The recent log4j 2.25.0 ~ 2.25.3 and 2.26.0 have known internal bugs and may fail the Spark caller, this has been observed from the GHA several times.

One example https://github.com/apache/spark/actions/runs/27894816608/attempts/1

[info] - provider reports error after FS leaves safe mode *** FAILED *** (3 seconds, 25 milliseconds)
[info]   org.apache.logging.log4j.core.appender.AppenderLoggingException: An exception occurred processing Appender _DriverLogAppender
[info]   at org.apache.logging.log4j.core.appender.DefaultErrorHandler.error(DefaultErrorHandler.java:95)
[info]   at org.apache.logging.log4j.core.config.AppenderControl.handleAppenderError(AppenderControl.java:169)
[info]   at org.apache.logging.log4j.core.config.AppenderControl.tryCallAppender(AppenderControl.java:162)
[info]   at org.apache.logging.log4j.core.config.AppenderControl.callAppender0(AppenderControl.java:133)
[info]   at org.apache.logging.log4j.core.config.AppenderControl.callAppenderPreventRecursion(AppenderControl.java:124)
[info]   at org.apache.logging.log4j.core.config.AppenderControl.callAppender(AppenderControl.java:88)
[info]   at org.apache.logging.log4j.core.config.LoggerConfig.callAppenders(LoggerConfig.java:711)
[info]   at org.apache.logging.log4j.core.config.LoggerConfig.processLogEvent(LoggerConfig.java:669)
[info]   at org.apache.logging.log4j.core.config.LoggerConfig.log(LoggerConfig.java:645)
[info]   at org.apache.logging.log4j.core.config.LoggerConfig.log(LoggerConfig.java:589)
[info]   at org.apache.logging.log4j.core.config.AwaitCompletionReliabilityStrategy.log(AwaitCompletionReliabilityStrategy.java:92)
[info]   at org.apache.logging.log4j.core.Logger.log(Logger.java:187)
[info]   at org.apache.logging.log4j.spi.AbstractLogger.tryLogMessage(AbstractLogger.java:2970)
[info]   at org.apache.logging.log4j.spi.AbstractLogger.logMessageTrackRecursion(AbstractLogger.java:2922)
[info]   at org.apache.logging.log4j.spi.AbstractLogger.logMessageSafely(AbstractLogger.java:2904)
[info]   at org.apache.logging.log4j.spi.AbstractLogger.logMessage(AbstractLogger.java:2648)
[info]   at org.apache.logging.log4j.spi.AbstractLogger.logIfEnabled(AbstractLogger.java:2587)
[info]   at org.apache.logging.slf4j.Log4jLogger.warn(Log4jLogger.java:253)
[info]   at org.apache.spark.internal.Logging.logWarning(Logging.scala:299)
[info]   at org.apache.spark.internal.Logging.logWarning$(Logging.scala:298)
[info]   at org.apache.spark.SparkFunSuite.logWarning(SparkFunSuite.scala:33)
...

Does this PR introduce any user-facing change?

No.

How was this patch tested?

Review and monitor CI.

Was this patch authored or co-authored using generative AI tooling?
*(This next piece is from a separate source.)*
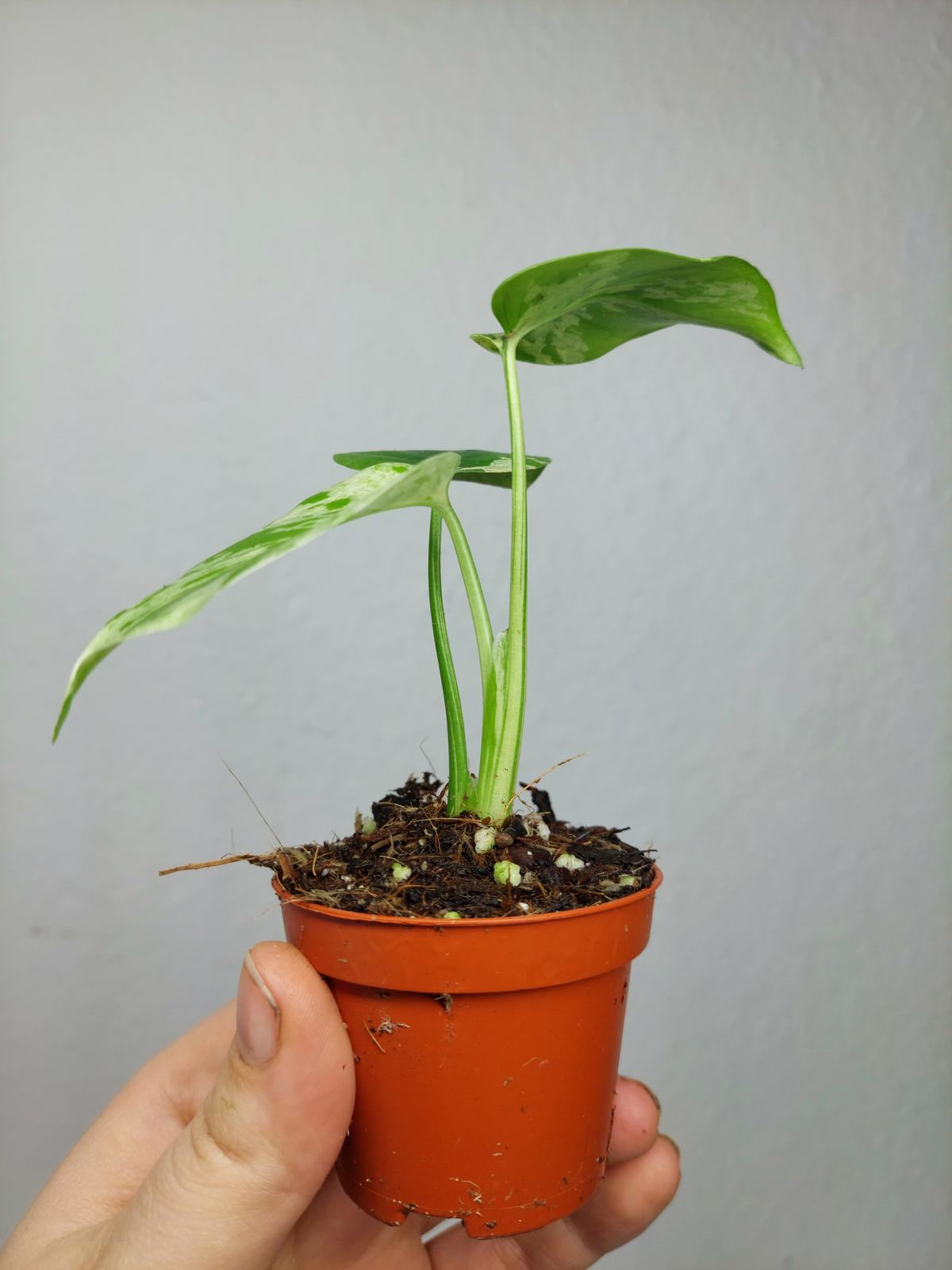 Diese Pflanzen wurzeln erst seit wenigen Wochen und werden bei uns noch bei hoher Luftfeuchtigkeit gehalten. Die Umgewöhnung an normale Zimmerbedingungen sollte langsam erfolgen.

GLM 5.2 is used for issue analysis.

@pan3793

pan3793 commented Jun 30, 2026

Copy link
Copy Markdown
Member Author

@viirya, this flag comes from the log4j 1.x => 2.x migration (SPARK-6305), do you have special reason to set ignoreExceptions=false here?
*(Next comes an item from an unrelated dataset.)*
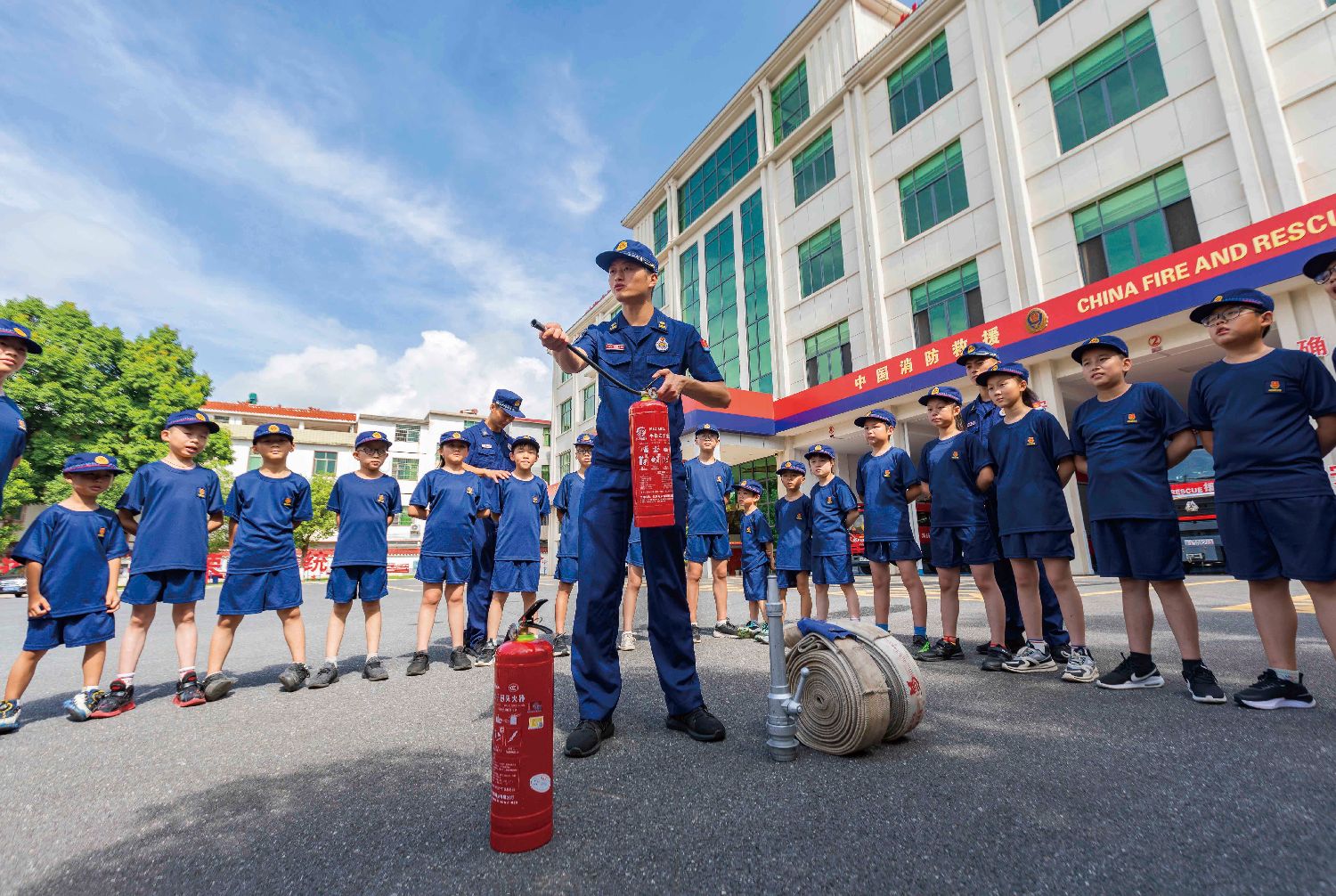 为开展丰富多样的社会消防安全实践活动,进一步加强学生消防安全教育,暑假期间,中国各地开设“安全公益课堂”,通过安全常识讲座、体验消防装备和模拟火场逃生演练等形式,向孩子们普及消防安全知识,增强自我保护能力。

cc @LuciferYang @dongjoon-hyun @huaxingao @ramanathan1504

@LuciferYang LuciferYang left a comment

Copy link
Copy Markdown
Contributor

Choose a reason for hiding this comment

The reason will be displayed to describe this comment to others. Learn more.

I'm fine with this change, as long as it does not introduce unintended behavioral changes.

@pan3793 pan3793 changed the title [SPARK-57774][CORE] DriverLogger should ignore log4j internal exception [SPARK-57774][CORE] DriverLogger should not propagate log4j internal exception to caller Jun 30, 2026
builder.setIgnoreExceptions(false)
// SPARK-57774: Set to true to avoid propagating log4j internal exception
// (e.g., due to log4j bugs) to the caller.
builder.setIgnoreExceptions(true)

Copy link
Copy Markdown
Member

Choose a reason for hiding this comment

The reason will be displayed to describe this comment to others. Learn more.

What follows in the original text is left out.